イッツ・オンリー・トーク気がつくと雨が降っていた。朝からおなじみのキシリトールガムをくちゃくちゃやっていたものの、何も食べないと体力が落ちて結局何も書けなくなるので近所のデニーズで野菜スープを飲み、絲山 秋子『イッツ・オンリー・トーク』をだらだら流し読みして、唐突に蒲田に住みたくなった。

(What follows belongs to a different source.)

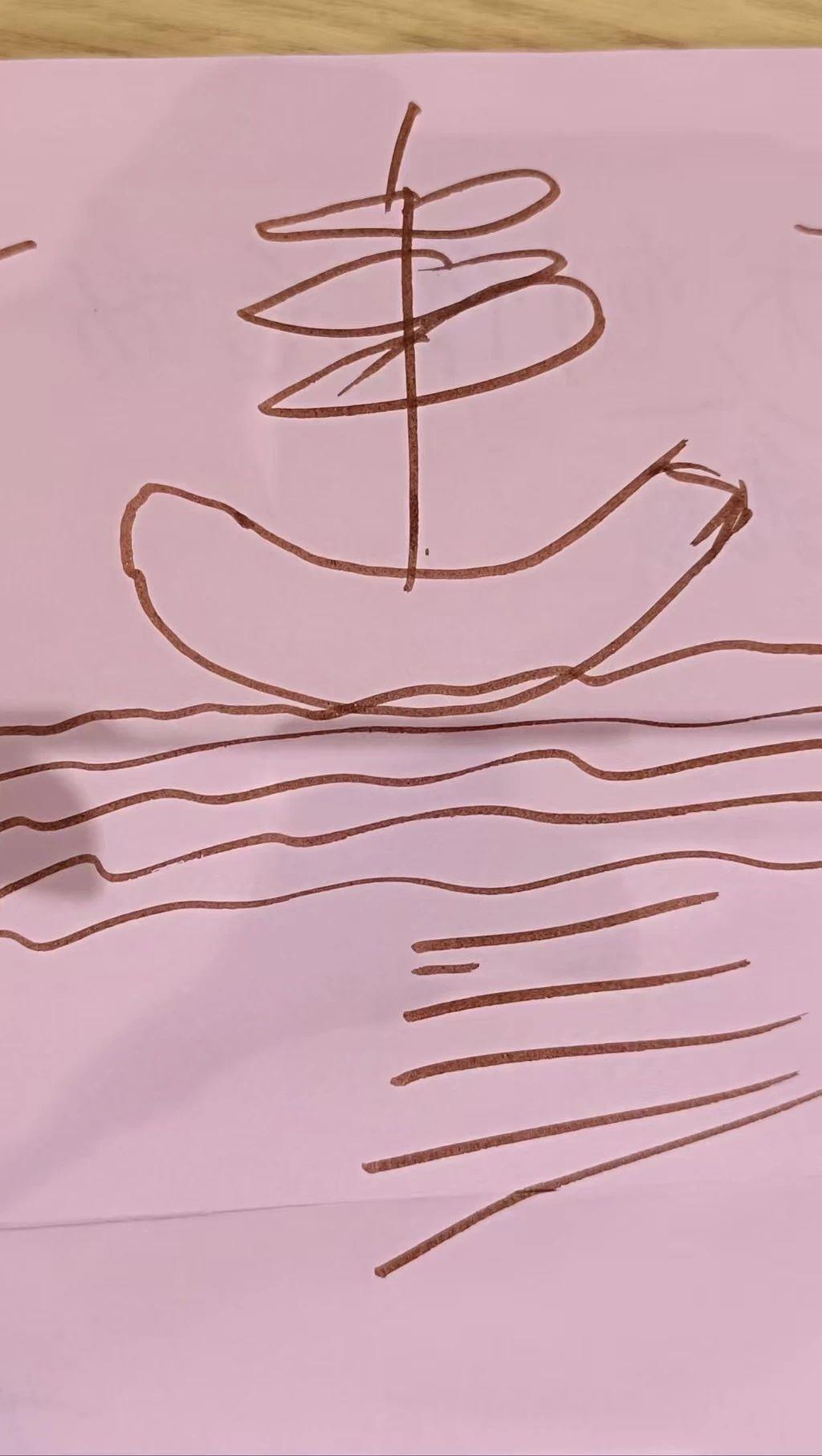 这幅手稿描绘了一艘帆船在海面上航行的简约场景。线条的流畅性和简洁的构图传达出宁静与自由的情感。船体和帆的形状具有轻盈的动感,海浪的线条则增强了画面的动态效果。整体构图中,船帆的曲线与波浪的弧度形成了视觉上的和谐,表现出一种自然的平衡感。

病院の芝生のそばで猫が鳴いていたので、ごまプリンをスプーンですくっては投げて与えた。首輪がないから野良なのかもしれない。あるいは、病院猫とか。病院猫? そんなものいるのか。だが、よく駐車場やその辺でニャーニャーしてるのを目にするので、病院を寝ぐらにしている猫は確実に存在すると思う。鼠でも捕っているのか、それとも日々大量に排出されるゴミを漁っているのか。ホームレスが公園の鳩にするように芝生のベンチでひなたぼっこしている患者から菓子でももらっているのか。それでもこんなに寒い冬の日に餌を探さなければならないとは猫も難儀だ。おいしそうに白いプリンの付いたコンクリートの床を舐めるのでそのままカップを置いた。少し歩いて振り返ると、猫はちらちら人を気にしながら頭を突っ込んで私の食べ残りを食べていた。楕円形の青みがかった目やふわふわした白い毛は思ったより悪くなかったものの、やはり猫はかわいくないなと思う。犬は散歩していても尻尾を振って通行人に愛想を振りまくが、こうやって幾ばくかを恵んでやっても猫は頭を撫でられる位置にさえ、寄って来ない。